Business

E-cigs’ startups on fire as tobacco companies prepare to buy

E-cigarette startups are on fire this year.

Big tobacco companies are ready to inhale these innovative private companies — and venture capitalists are coughing up big money of their own to get in on the industry themselves.

Last week, Altria — formerly Philip Morris and the owner of the Marlboro brand — threw down about $110 million in cash to take over Green Smoke, an Israel-based e-cigarette company. That’s nearly three times the $40 million that the private company, which launched in 2008, earned in sales last year.

Altria’s acquisition is the first major deal since Lorillard’s acquisition of Blu e-cigarettes for $135 million in 2012. But analysts say others will likely follow suit this year.

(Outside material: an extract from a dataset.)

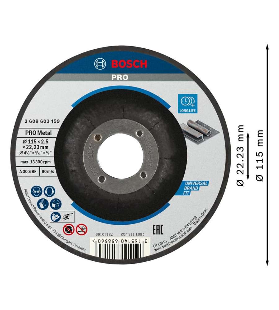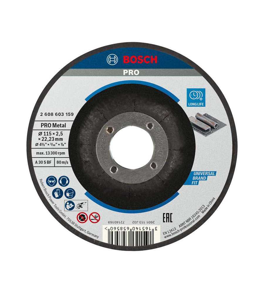 Disco da taglio Bosch Ø 115 x 2,5 mm, ideale per smerigliatrici angolari. Progettato per tagliare metallo, con foro da 22,3 mm. Alta efficienza e lunga durata, velocità massima periferica di 80 m/s. Rivestimento in metallo, colore nero.Garanzia:

Wells Fargo projects that in the next decade, e-cigarette consumption will “eclipse” that of traditional cigarettes. That’s why investors and big tobacco companies alike are zeroing in on e-cigarette companies as the key to bringing the lucrative, yet antiquated, tobacco industry into the digital age.

“What was years ago a cult fad is now more than doubling in sales annually the last three years,” noted Sam Hamadeh, CEO of research company PrivCo.

E-cigarettes are revolutionizing the centuries-old tobacco trade, which has largely depended on continuity. “God forbid you would ever change the recipe to the Marlboros, so there’s no innovation whatsoever,” Hamadeh explains.

According to Andries Verleur, a former venture capitalist who now is the CEO and co-founder of VMR, the parent company of V2 e-cigarettes, “Innovation has driven so many industries. We’ve taken a product and continue to innovate and make it better and better from a risk-profile perspective.”

NJoy, the leading startup, caught national attention last week with its “Friends Don’t Let Friends Smoke” commercial that aired during the Super Bowl.

“When the first e-cigarette TV ad ran on the Super Bowl last Sunday, that was the day e-cigarettes officially went mainstream,” said Hamadeh.

CVS’ announcement last week that it will stop selling tobacco products will likely result in a domino effect, predicts NJoy CEO Craig Weiss. Other drug chains may soon follow suit, but Weiss believes these companies, which distribute e-cigarettes in-store, will continue to do so, even if they halt the selling of tobacco products.

Walgreens released a carefully worded statement on the subject: “We have been evaluating this product category for some time. … We will continue to evaluate the choice of products our customers want, while also helping to educate them and providing smoking-cessation products and alternatives that help to reduce the demand for tobacco products.”